Input data |

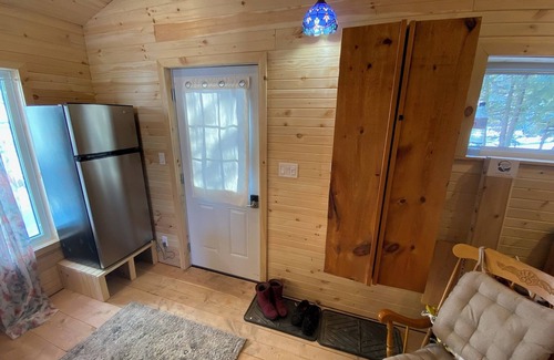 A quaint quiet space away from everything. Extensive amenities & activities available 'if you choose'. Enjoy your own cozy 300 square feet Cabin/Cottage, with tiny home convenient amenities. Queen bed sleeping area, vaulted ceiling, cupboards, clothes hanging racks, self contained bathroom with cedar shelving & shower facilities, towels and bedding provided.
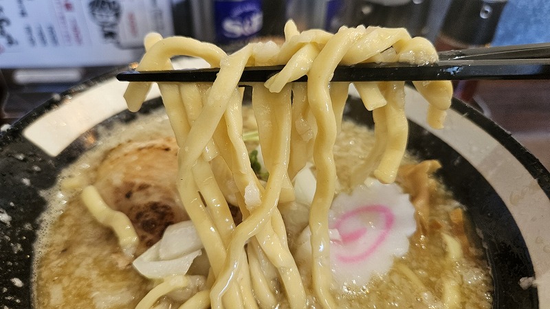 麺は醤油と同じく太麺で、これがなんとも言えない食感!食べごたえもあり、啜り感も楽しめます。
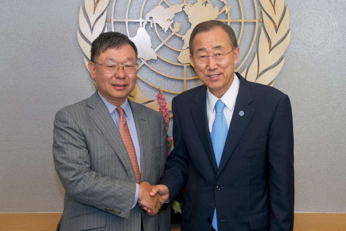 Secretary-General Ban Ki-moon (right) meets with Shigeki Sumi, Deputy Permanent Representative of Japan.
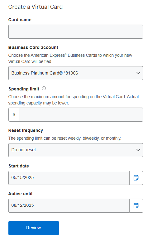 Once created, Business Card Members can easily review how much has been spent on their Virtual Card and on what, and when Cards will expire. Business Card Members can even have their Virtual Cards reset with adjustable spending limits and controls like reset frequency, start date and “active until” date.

==

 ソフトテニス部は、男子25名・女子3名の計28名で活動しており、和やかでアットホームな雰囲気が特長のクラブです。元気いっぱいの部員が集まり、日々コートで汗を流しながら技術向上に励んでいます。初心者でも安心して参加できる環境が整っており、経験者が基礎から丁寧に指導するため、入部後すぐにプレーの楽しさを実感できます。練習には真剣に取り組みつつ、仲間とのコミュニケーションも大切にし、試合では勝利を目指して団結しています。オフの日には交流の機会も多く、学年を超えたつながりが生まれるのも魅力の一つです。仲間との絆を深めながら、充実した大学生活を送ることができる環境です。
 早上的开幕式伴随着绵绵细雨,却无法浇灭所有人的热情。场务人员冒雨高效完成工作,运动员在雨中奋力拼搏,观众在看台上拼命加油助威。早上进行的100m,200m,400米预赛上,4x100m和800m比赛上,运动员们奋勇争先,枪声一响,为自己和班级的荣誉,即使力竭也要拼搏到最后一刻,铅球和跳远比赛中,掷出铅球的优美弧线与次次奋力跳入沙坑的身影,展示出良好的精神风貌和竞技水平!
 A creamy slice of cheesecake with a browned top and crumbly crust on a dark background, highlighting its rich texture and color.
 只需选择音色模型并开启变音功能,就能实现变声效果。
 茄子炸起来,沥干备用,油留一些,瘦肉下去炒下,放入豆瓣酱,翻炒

* * *

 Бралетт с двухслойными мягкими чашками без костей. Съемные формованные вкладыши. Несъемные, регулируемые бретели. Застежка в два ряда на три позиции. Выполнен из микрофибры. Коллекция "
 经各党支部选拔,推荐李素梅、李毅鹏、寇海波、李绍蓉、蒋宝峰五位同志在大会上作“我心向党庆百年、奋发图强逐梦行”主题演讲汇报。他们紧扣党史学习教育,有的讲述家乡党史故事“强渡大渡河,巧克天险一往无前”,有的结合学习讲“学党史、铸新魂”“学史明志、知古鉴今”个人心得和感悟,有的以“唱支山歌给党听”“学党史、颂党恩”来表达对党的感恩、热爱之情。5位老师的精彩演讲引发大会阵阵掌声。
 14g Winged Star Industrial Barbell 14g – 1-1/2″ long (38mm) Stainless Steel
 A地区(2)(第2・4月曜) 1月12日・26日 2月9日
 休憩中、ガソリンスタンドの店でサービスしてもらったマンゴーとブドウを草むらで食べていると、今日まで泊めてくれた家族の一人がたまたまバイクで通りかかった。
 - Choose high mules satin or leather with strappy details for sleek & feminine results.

What you should do |
Copy out, word for word, the part of the entries above that begins at the line with "经各党支部选拔,推荐李素梅、" and ends at the line with "14g Winged Star", including both.

Worked solution |
 经各党支部选拔,推荐李素梅、李毅鹏、寇海波、李绍蓉、蒋宝峰五位同志在大会上作“我心向党庆百年、奋发图强逐梦行”主题演讲汇报。他们紧扣党史学习教育,有的讲述家乡党史故事“强渡大渡河,巧克天险一往无前”,有的结合学习讲“学党史、铸新魂”“学史明志、知古鉴今”个人心得和感悟,有的以“唱支山歌给党听”“学党史、颂党恩”来表达对党的感恩、热爱之情。5位老师的精彩演讲引发大会阵阵掌声。
 14g Winged Star Industrial Barbell 14g – 1-1/2″ long (38mm) Stainless Steel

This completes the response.